Soltani’s lengthy thread calls out—among other things—the ACLU’s updated privacy policy, which clarifies that the civil rights nonprofit will share details about its site visitors with the tech giant, a practice that “[flies] in the face of the org’s public advocacy and statements,” as he characterized it. Soltani also points out that while the ACLU only went public with its links to Facebook this month, the organization has spent millions of dollars on Facebook ads in the past.

“While I have tremendous respect for the work @ACLU and other NGOs do, it’s important that nonprofits are bound by the same privacy standards they espouse for everyone else,” Soltani added.

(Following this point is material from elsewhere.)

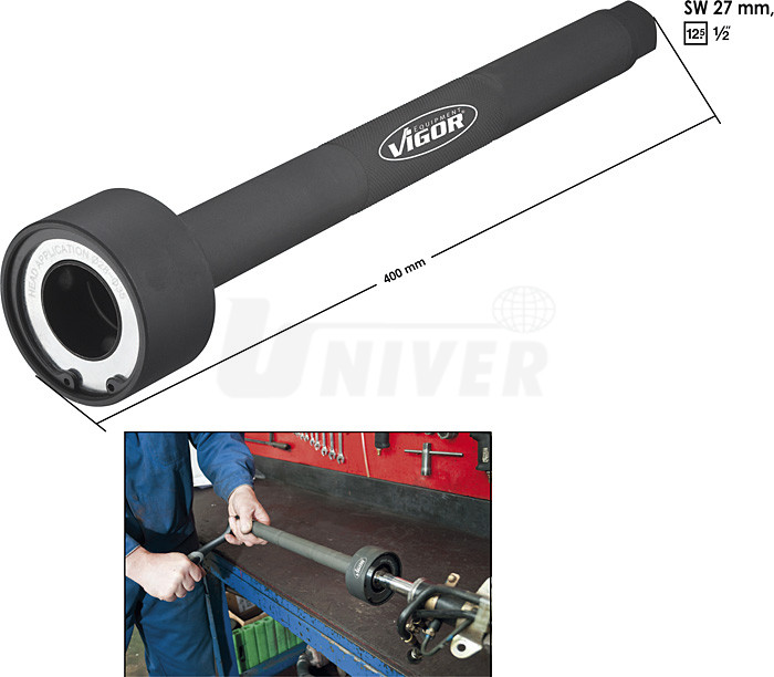 Přípravky pro odbornou a rychlou výměnu axiálních spojovacích tyčí osobních a lehkých dodávkových automobilů i vozů SUV umožňují bezproblémovou montáž dlouhých spojovacích tyčí přes otevřenou konstrukci.VIGOR V2684 1/2" (27 mm) je určen pro hlavy spojovacích tyčí 28 - 35 mm.

In other words, this is an organization that’s done some incredible work advocating tech privacy for the general public. Why don’t they hold themselves just as accountable as the companies they’re rallying against?

Here’s the thing though. When the ACLU wants to get the word out about fighting voter suppression or advocating for trans healthcare access in your home state, chances are they’re going to need some sort of advertising to do so. While going door-to-door might have worked in the past, the nonprofit sector (just like every other sector) is largely shifting towards advertising online, if only because that’s where we’re all spending our time nowadays. And more and more, advertising online means advertising on Facebook—or else.

It’s an argument that makes some serious sense on one hand, but reeks of what I’ll affectionally call “Mr. Gotcha-ism.” Even if you don’t know Mr. Gotcha by name, you’ve almost certainly seen the 2016 comic by Matt Bors featuring a person complaining about the ills of society—like Apple suppliers’ reportedly shitty labor practices, or car makers’ downright unsafe automobile design—and the titular Mr. Gotcha reminding people that, well, they still use iPhones and still drive cars. The comic strip closes on the eternally memefied image of a man lamenting that we should try improving society, while Mr. Gotcha pops up (literally out of a well) to remind the man that he’s busy participating in said society.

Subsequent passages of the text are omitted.